> DESCRIPTION OF THE TASK
Only an exact repetition of the lines from the one holding "O ácido lático" to the end of the data is wanted, with pictures left out.
*** Opening RAW DATA ***
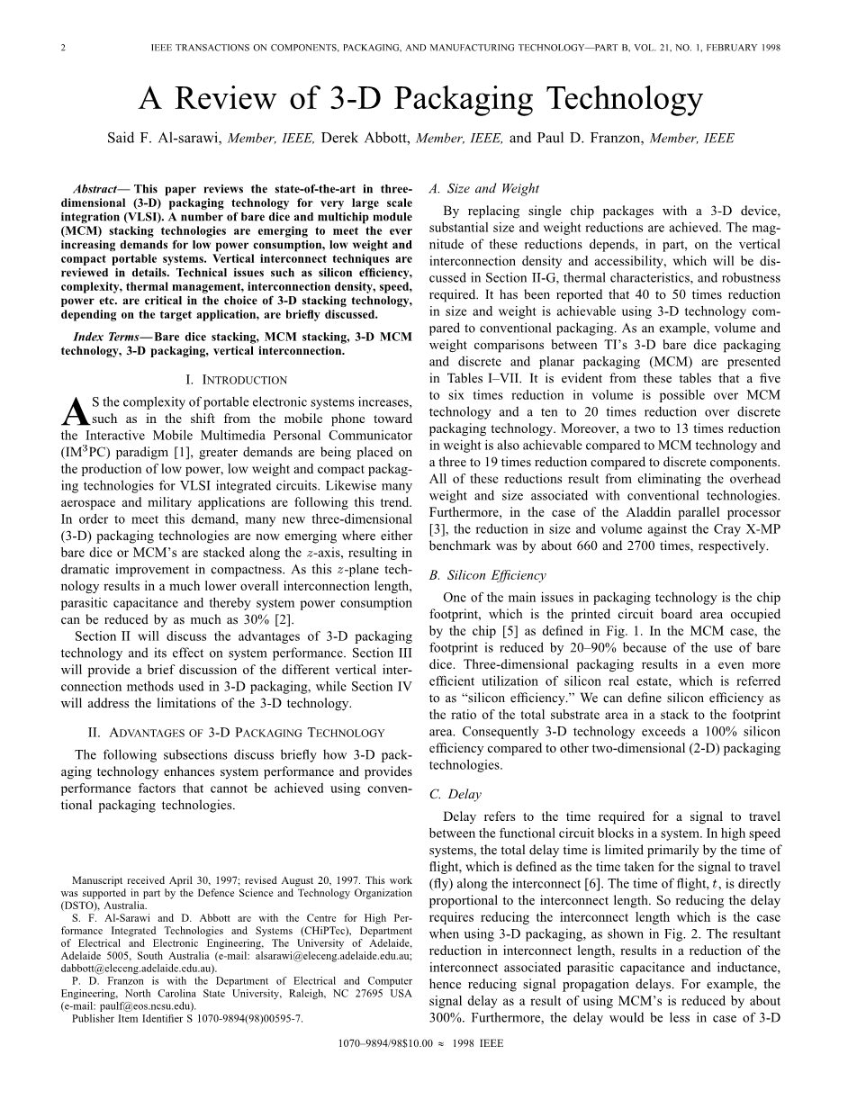 第二部分将讨论三维封装技术的优势及其对系统性能的影响。 第三节将简要讨论三维封装中使用的不同垂直相互连接方法,第四部分将讨论三维技术的局限性。
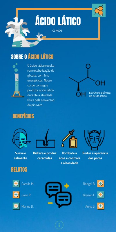 O ácido lático resulta na metabolização da glicose, com fins energéticos. Nosso corpo consegue produzir ácido lático durante a atividade física pela conversão do piruvato.
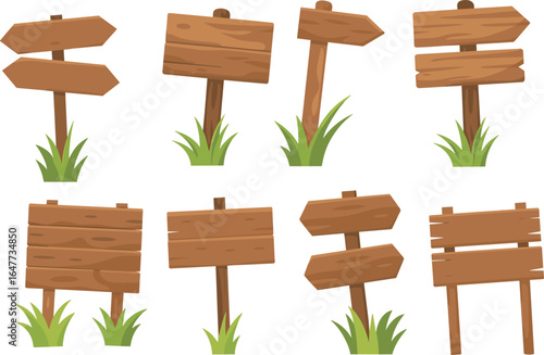 Realistic set of wooden sign posts. Vector illustration of blank square, round, rectangular signboards for pointing direction or name. Game ui design element
*** Closing RAW DATA ***
> RESPONSE AREA
 O ácido lático resulta na metabolização da glicose, com fins energéticos. Nosso corpo consegue produzir ácido lático durante a atividade física pela conversão do piruvato.
 Realistic set of wooden sign posts. Vector illustration of blank square, round, rectangular signboards for pointing direction or name. Game ui design element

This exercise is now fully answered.